O calor da pequena sala incomoda e o ventilador nos acuda barulhento. A professora do quase extinto curso de ciências me conta de seu tempo na Alemanha. Entre as histórias de Arthur Poerner, um brasileiro dando aula de português com sotaque de Portugal, ela conta que poucos queriam falar. “Eu mesmo, na época, achava estranho. Parecia que reconhecer o exílio era reconhecer o que é uma derrota”. Ela evita falar do Chile. “Mais do que uma coisa política, é uma experiência existencial, cultural”.

Ela me conta analiticamente da década de 1970.“Ficar na Alemanha foi uma das coisas mais importante que me aconteceu, foi quando eu realmente entendi a gravidade do Holocausto”. Diz que era um país que não sabia viver com aquele passado, em que os filhos desconfiavam dos pais. Ela aprofunda como vivia, trabalhando em um “órgão de cooperação do terceiro mundo” e ensinando português, vendo os alemães aceitando o que foi o Nazismo. “Apesar de tudo que estava acontecendo eu estava aceitando o exílio, reconstruído um novo projeto de vida. Eu e a Dora tínhamos entendido o que era, mas com conclusões diferentes”, solta.

A impossibilidade de pensar no exílio reina e o Chile se aproxima. “Estávamos quase todos no segundo exílio. Não era uma nova experiência”, disse Marijane. E aqui o baque. É fácil pensar no exílio como um processo contínuo de dor ou sofrimento, mas é parte da vida, e ela só segue. “Meu maior choque foi o Chile. Até hoje não gosto de lá. Quando fui pra lá pensava em voltar. Na Alemanha eu fui pra ficar, talvez para sempre”.

Em 1970, o Chile era um país de esquerda que vivia diferente do resto da América. Mas algo incomodava, uma esquerda muito tradicional, atrasada. Na entrevista dada em 1976, ela diz que «O Primeiro ano no Chile foi Traumático. A sistematicidade com que eu falava da cadeia, o mundo emocional preso à prisão. Todos pensando numa volta imediata pro Brasil». Marijane sabia que o golpe no Chile não ia demorar muito, então buscou embaixadas até entrar em um vácuo burocrático do México. Lá, descobriu estar grávida. E, enfim, foi pra Berlim, em 1973, voltando pro Brasil só em 1978.
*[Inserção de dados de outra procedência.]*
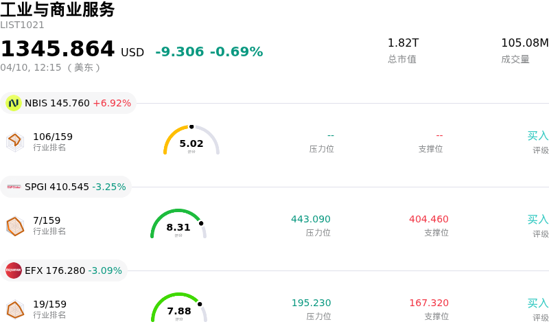 标普全球 (SPGI) 盘中下跌3.25%, 所属行业工业与商业服务下跌0.69% ,公司涨幅跑输行业涨幅,行业成交额前三股票 Nebius Group NV (NBIS) 上涨 6.92%;标普全球 (SPGI) 下跌 3.25%;Equifax Inc (EFX) 下跌 3.09%。
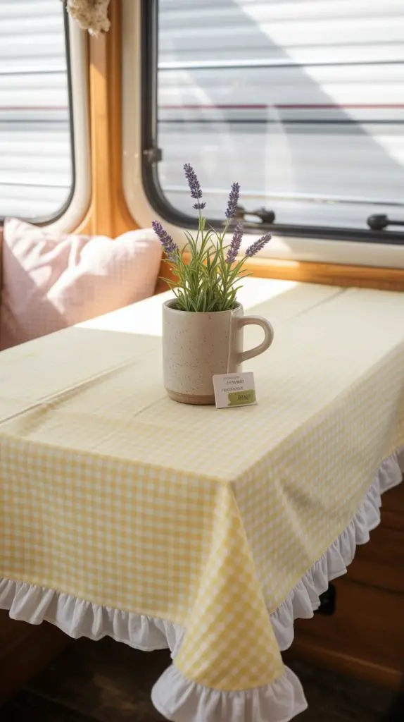 A tablecloth instantly disguises a standard RV table and makes mealtimes feel more special. It’s also practical, protecting the surface from spills and scratches. When not in use, the soft fabric folds away easily, or you can style it loosely draped for a more relaxed, “lived-in” look.

“Uma hora eu cheguei à conclusão: ‘Não vai dar certo essa revolução’”. Ela muda bem ali. Algo liga ou desliga. A conversa muda de prosa para mando. “Vou te dizer, boa parte da minha geração ainda não entende o que aconteceu. Tem um trauma muito grande”. Nietzsche engole nossa sala e o ventilador, sempre presente, continua sua sinfonia. Ela explica que o contexto social latino era impossivelmente diferente do dito por Marx, das coincidências e dos favores que montaram as três nações socialistas. “Acreditávamos em um monte de coisa que era pura crença. Não foi a ditadura. A gente perdeu a luta porque a gente não entendeu a realidade”, diz ela, que foi torturada aos 20 anos por defender uma causa estudantil. “Isso é uma tragédia, quando não tem solução boa”.

O ventilador se torna mais agressivo, o sol se esconde de nossa sala. De um lado, a caderneta cada vez mais cheia e, do outro, a caixa de pandora abre e mostra o fundo. “Uma juventude que se baseia em dogmas de momentos particulares, de Fidel, de Castro. Tentamos repetir. E fomos uma geração de jovens sacrificados e mortos”.

A sala finalmente perde seu formato, cor e sons, uma aura impossível, vazia, abandonados até mesmo os sentimentos de um lugar pelo qual se pertence. Marijane, e todos os outros, viram a memória. Sentado na sala, olho para a luz plástica e me lembro do hino verdadeiro, alterado com sutileza: «Me sinto mais Brasileira do que nunca, com mais direitos as palmeiras e sabiás do que muitos que estão lá».